The inquiry has heard workers closed Phoenix’s file several times without ever seeing her. When crisis-response-unit workers recommended her file get moved up the chain to the intake unit for longer-term investigation, it was returned to the crisis responders. Crisis-response-unit supervisor Diva Faria told the inquiry earlier it happened frequently, and that Berg referred to it as “the walk of shame.”
“I’m not sure who coined the phrase,” Berg testified Wednesday. “It’s an irrelevant comment.” It pointed to the “significant tension” over cases being passed back from the intake and abuse units to the front-line crisis-response unit. When unit supervisors disagreed over who should take the file, they were supposed to try and work out an amicable settlement, he said. If they couldn’t, they were supposed to go to him to settle it. Berg recalled one such incident involving Faria and the abuse-unit supervisor.

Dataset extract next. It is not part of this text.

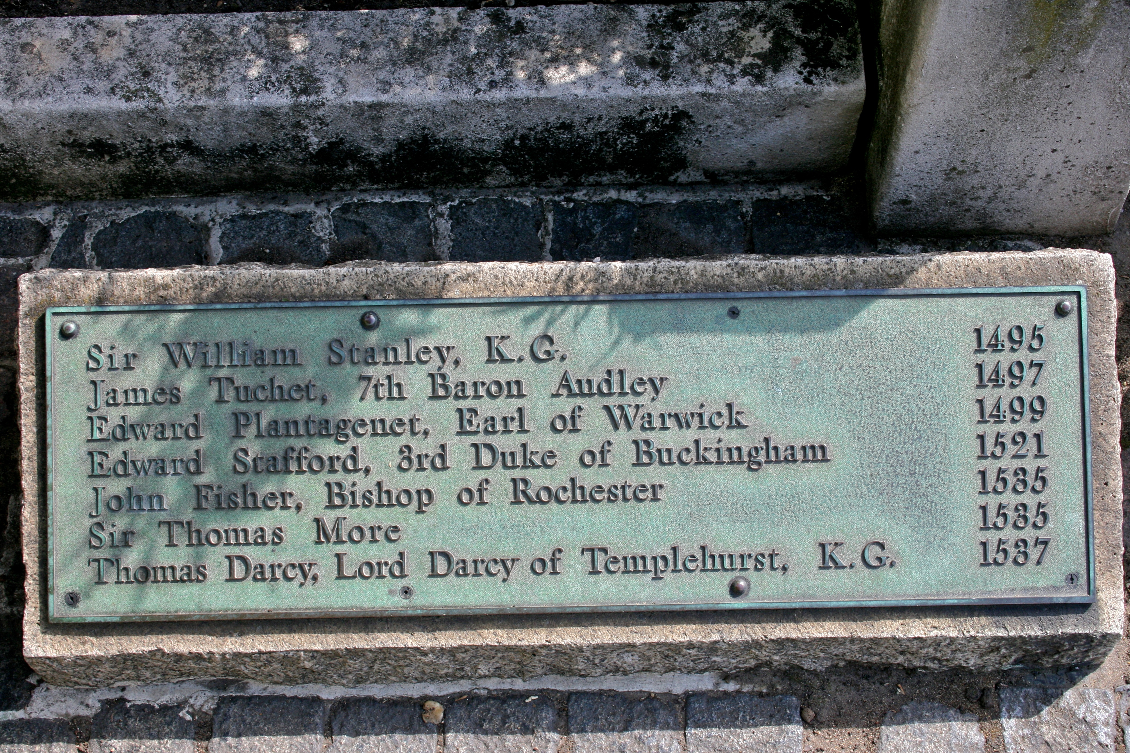 Sign at the Tower Hill scaffold location. Sign reads: "Sir William Stanley, K.G. 1495 James Tuchet, 7th Baron Audley 1497 Edward Plantagenet, Earl of Warwick 1499 Edward Stafford, 3rd Duke of Buckingham 1521 John Fisher, Bishop of Rochester 1535 Sir Thomas More, 1535 Thomas Darcy, Lord Darcy of Temlehurst, K. G. 1537"

“Things escalated quite strongly,” he said. Faria went to his office.
“It was apparent she was quite upset about what transpired,” said Berg, who said he was trying to build a more collegial atmosphere. “She looked really beaten down that day… It looked like she was embarrassed.” Faria felt the case should’ve gone up to the abuse unit and she had to take it back down to her staff to do more work on it, he recalled.
The inquiry has been trying to find out why, in Phoenix’s case, the intake unit didn’t keep her file and do the necessary checking to make sure Phoenix was safe. Her mother was reportedly emotionally abusive and locked her in a bedroom. Her stepfather had a criminal history of domestic abuse and a lengthy CFS file.
The supervisors who’ve testified at the inquiry already say they can’t recall what was, on the surface, an “average” case, or speculate what went wrong. Any notes they may have taken at the time have disappeared or been shredded, said the supervisors who took notes. Some did not.
Berg hasn’t been able to fill in the blanks, either.
“We didn’t have a very good supervision policy around record-keeping and note-taking,” said Berg. In 2004, a supervision policy was put in place that required supervisors to take notes and conduct regular supervision meetings one-on-one with workers.
Berg said he had complete faith in his workers and supervisors. He struggled when asked if they hadn’t dropped the ball by not seeing Phoenix or finding out about her stepfather’s monstrous past before closing her file.
“Domestic violence alone would have been enough to tip the balance in terms of wanting to proceed with more followup… if that information had been uncovered,” said Berg.